The Worms Come Out When It Rains on Healthcare
These people aren’t fit to lead:
[A citizen] opposed the [health insurance] rate hikes, as did other speakers including Lt. Gov. Elizabeth Roberts and state Rep. Edwin Pacheco, D-Burillville. Roberts, who has been working with business leaders, opposed any hikes until the state can develop a plan for affordable health care. Pacheco and Assistant Attorney General Genevieve Martin, speaking on behalf of Attorney General Patrick C. Lynch, both criticized Koller for not holding a formal rate hearing, in which evidence for and against the rate hikes is presented and witnesses testify and face cross-examination. The lack of such a hearing, said Martin, “is an injustice to the people of this state.”
Her suggestion of explicitly freezing hikes until Rhode Island legislators institute significant reform is perhaps the strongest argument that Roberts has made against her candidacy for governor. If anything, such a policy would delay reform, as unrest fizzles in the face of steady rates.

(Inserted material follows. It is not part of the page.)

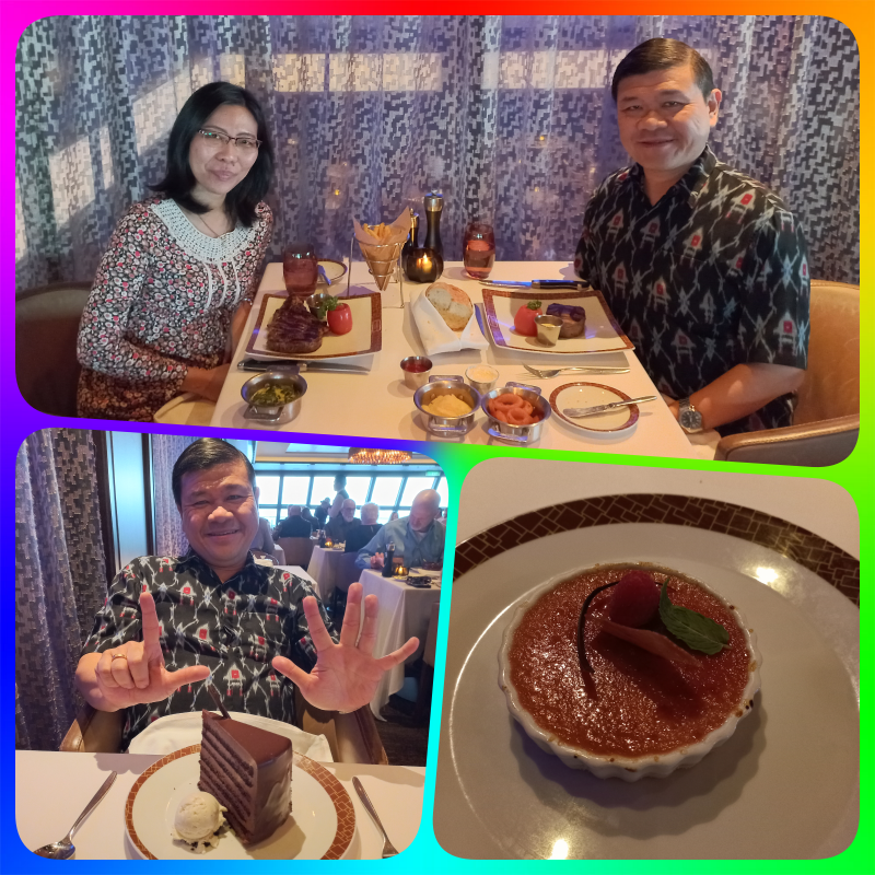 Malam ini, kami dinner di Cagney’s Steakhouse. Ini salah satu resto yang seharusnya berbayar. Namun kami mendapatkan jatah free untuk 1x makan di speciality dining, artinya 1x makan di resto berbayar untuk 2 orang. Boleh pilih di resto mana pun dan boleh digunakan kapan pun. Ada resto yang specialitynya makanan Italy, Jepang, Seafood, BBQ, macem2 deh. Nah, kami pilih yg speciality nya steak, mereka menyebutkan Certified Angus Beef di menu nya, mantap ! Tempatnya cukup ekslusif sehingga ada tamu yang datang dengan baju party yang sangat bagus. Jadi kalo ke resto ini ada dress code nya ya, ga boleh pake sandal atau tank top contohnya.

More important, however, is the utter lack of leaders with a clue as to the appropriate shape of reform. Why not suspend policies that are contributing to escalating costs? Why not investigate the reason that Rhode Island has as many branches of government as healthcare insurers?
Every week it becomes more incomprehensible that Rhode Islanders continue to vote the way they do.
“opposed any hikes until the state can develop a plan for affordable health care”
The big presumption in that statement is that health care can be made affordable.